Calls flooded local radio and messages crowded on to the Internet. "When will we learn that violence solves nothing?" they asked. "It's just sick. Why can't we be like England or Canada and have strict gun control laws? Why can't the people in high places see all this mayhem?" And then there were the others: "Gun control solves nothing" Or more specifically: "What a pity that not one victim ... apparently had a permit to carry a concealed handgun ... If they had, the rampage could have been concluded abruptly, finally, and perhaps with no, or less, loss of life."

Three months ago, the United States was awash with despairing outrage after two senior pupils went on a shooting spree at Colombine High School in Colorado, killing 15 people - 14 of them pupils. That outrage, though, was already subsiding. The panicked drive to restrict sales of handguns by law and close well-known loopholes in checking the gun-purchasers' backgrounds had decelerated, thwarted in the lower house of the US Congress last month after a blanket lobbying effort by the National Rifle Association and an upsurge of opposition in the rural heartland.

Vice-President Al Gore's finest hour, his casting vote in the Senate for a comprehensive tightening of gun controls, might never have been.

Now, partly as a result of President Bill Clinton's continued behind- the-scenes urging, the gun control bill is likely to be retabled.

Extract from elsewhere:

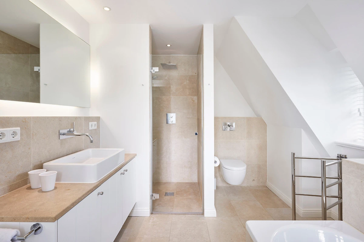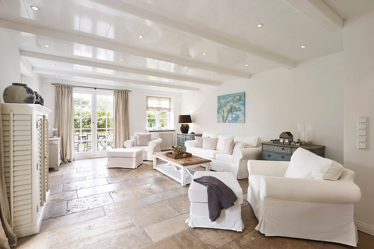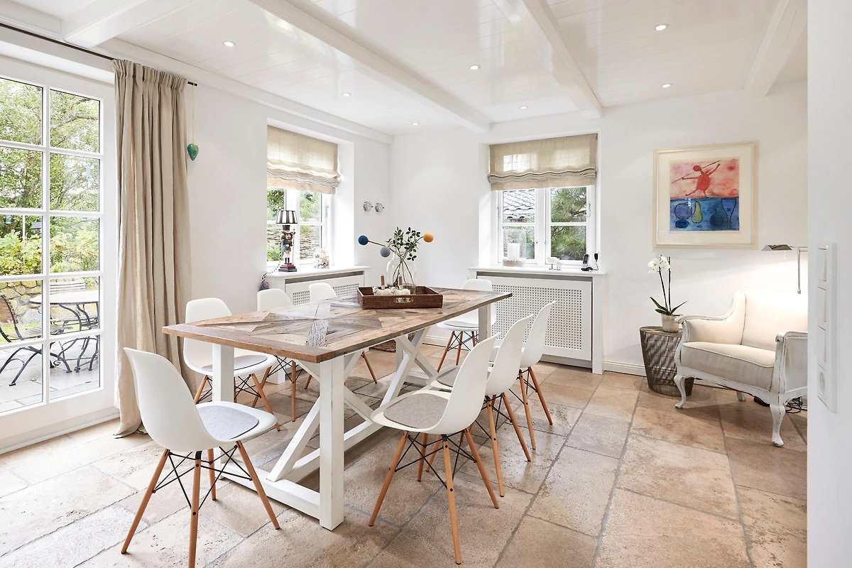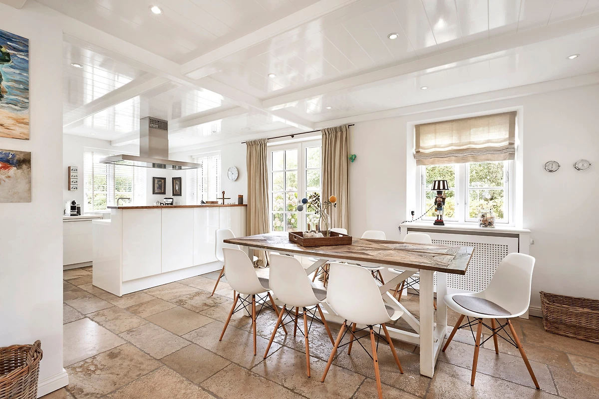 Wohnen Sie in diesem exklusiven Einzelhaus unter Reet im wunderschönen Friesendorf Nieblum. Hier finden Sie alte Kapitänshäuser, bunte Bauerngärten, Baumalleen und reetgedeckte Friesenhäuser - der perfekte Ausgangspunkt für einen erholsamen Urlaub. Das Haus ist sehr hochwertig ausgestattet und lässt keine Wünsche offen. Ein grosszügiger Wohnraum mit Kachelofen, daran angrenzend der Essbereich für 6 Personen und die offene Küche mit allem, was das Kochherz begehrt, machen das Erdgeschoss zum Blickfang. Im Obergeschoss befinden sich drei geräumige Schlafräume und zwei Badtempel. Auf der ca. 95qm grossen Terrasse und im schön angelegtem Garten werden Sie erholsame Urlaubstage verbringen.

Mostly, though, it will be this latest tragedy -brought into living rooms across the country courtesy of 24 hour television news, that will tip the balance once again in favour of stricter controls.

Compulsory background checks of all gun-purchasers, even those who buy at gun shows and from individual gun-owners, could be on the statute book by the start of the autumn term. The gun lobby and its many supporters, however, will still question whether that will make a difference.

Criminals obtain their guns on the black market; those with licences may still run amok. The course of the debate to come will depend in part upon which category Mark Barton - the Atlanta suspect - belongs to: the legal gun-owner who snapped; or the habitual felon.